Revisiting the 1.2% off-chain burn tax by statistically accessing its' viability

Statistically testing different off-chain burn taxes (percentages) with the help of exchanges/Binance to determine the off-chain burn taxe’s applicability or lack thereof and which burn percentage is the most reliable/stable.

Without burning significant chunks of the available supply, the chain will not improve and won’t attract new investors/money inflow which will cause development funds to be lower. Expecting Binance to pay for the burns for years to come and funding the development has been shown not to work.

Following Binance’s announcement regarding their reduction of burn contributions and taking the discussion about the different burn tax percentages as well as funding concerns into consideration I would like to propose the following idea:

The 1.2% tax that was originally expected to be applied from the side of Binance and other exchanges towards off-chain burns was dismissed by CZ mainly because other exchanges were not ready to apply the tax and it was expected it would drop the trading volume significantly (without any evidence for this being the case).

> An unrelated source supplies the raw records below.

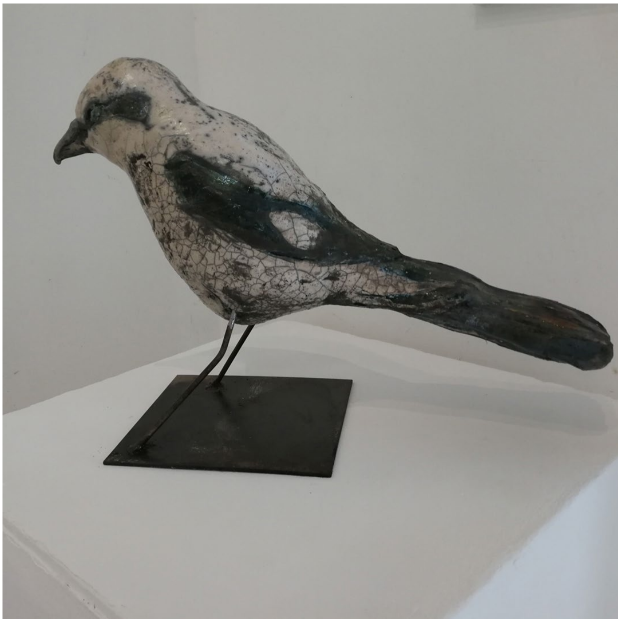
Serie Bedrohtes_ Raubwürger , 30 x 18 x 50 cm, Keramik/ Raku, Metall © Elisabeth Ehart-Davies, 2022-23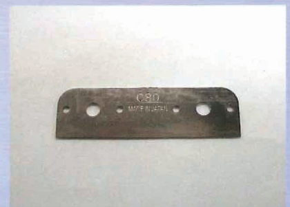
С80 имеет симметричную заточку При износе его можно переставить другой стороной

Установите захват на требуемый размер при помощи гайки * обязательно опустите лезвие во время настройки захвата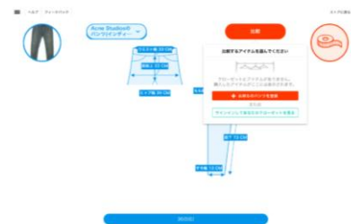
↑オンライン試着室 イメージ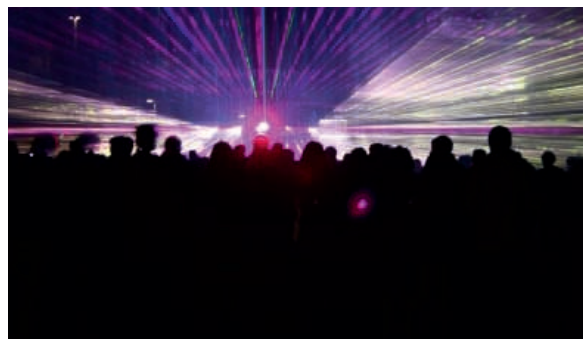
Atemberaubende Lasershow bei der Langen Nacht der Museen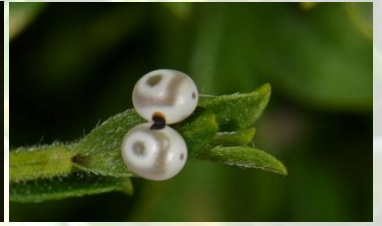
Rietvink Euthrix potatoria Jul-Sept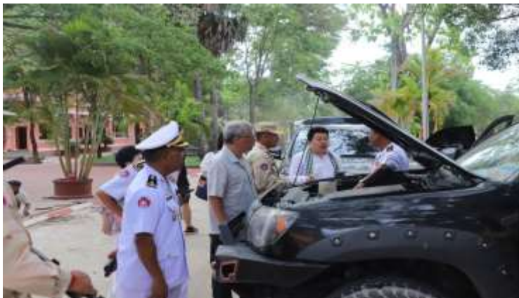
부대차량 연소장치 설치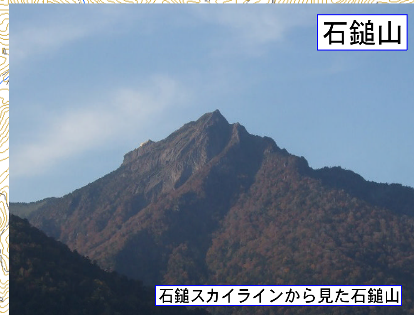
石鎚スカイラインから見た石鎚山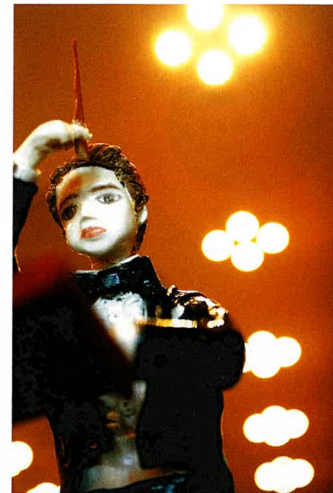
マエストロとは大音楽家、巨匠の意。指揮者の敬称としても用いられます。

大ホールと中ホール、それぞれの入り口のほぼ中間に位置する場所に、人形オーケストラたちのステージがあります。この人形たちは、ロゼシアターオープンの際、富士市の文化の発展を願う有志によって作られました。美しいバイオリン、ユーモラスなチェロ奏者、チューバのお爺さんの優しい眼差し、団員たちは皆、個性豊かな面々です。そしてタクトを握るのは、写真のマエストロ。栗色の髪に端正な顔立ちながらも、普段客席に背を向けた存在ゆえ、その素顔は知る人ぞ知るといふもの。今回特別にご登場願いました。オーケストラを率い今年13年目の小さな巨匠。今なお心温まる演奏で、訪れる人々を魅了しています。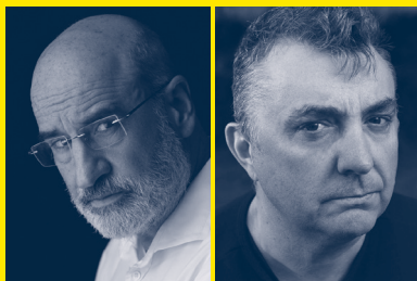
FERNANDO ARAMBURU / MANUEL VILAS

19.30 h Entrada libre hasta completar aforo Actividad con interpretación en LSE

I don’t doubt that the 1.2% burn tax might be too much but let’s be real: The 0.2% that was donated by Binance towards the burn doesn’t do that much either. Now with the reduction towards a 0.1% tax it is even less likely to burn significant amounts of LUNC and we are essentially dependant on Binance cooperating over years if not decades of time for this to burn significant amounts of LUNC. I do not believe that it is Binance’s job to do this and I think we also shouldn’t take these contributions for granted. There are enough members that took these contributions for granted and expect Binance to pay for the development/programming expenses, which myself just like others have been criticising weeks ago.

This is why I suggest that the community members that have been in contact with Binance ask Binance for the following: Could it be possible for Binance to implement off-chain burns that are charged additionally to their trading fee (that they may or may not be contributing voluntarily in the future) and test how different taxes actually effect trading volume in real life. I doubt that the effect is really as negative as expected. The main reason for expecting this is especially as a lot of people that buy LUNC on spot pairs are likely to hold their LUNC for a while if not even years to come (I know I do) and therefore don’t care about the tax as they expect significantly higher returns don the line and are willing to pay the additional tax just for the “opportunity” to be investing in LUNC. The burn tax may be reduced on margin trades if needed but it first needs to analysed and tested whether this actually effects the trading volume and not just “assumed”, as this seems like a simple excuse and the community accepted it!

The reality is that yes, a 1.2% burn tax might be too much but it might be possible to charge an additional 0.2%-0.5% without Binance running the risk of losing customers. This needs to be tested! You might say: “Why would Binance want to do this?” => They hold LUNC themselves, could buy additional LUNC as an investment that will appreciate in value and gain marketing exposure as the exchange that “saved” LUNC. As much as I agree with continually developing the chain it needs to be remembered that this chain was fully functional until a couple of months ago! Yes certain improvements need to be made but without new money inflow and massive burns nothing will improve and we can’t expect Binance to be funding the development of the chain.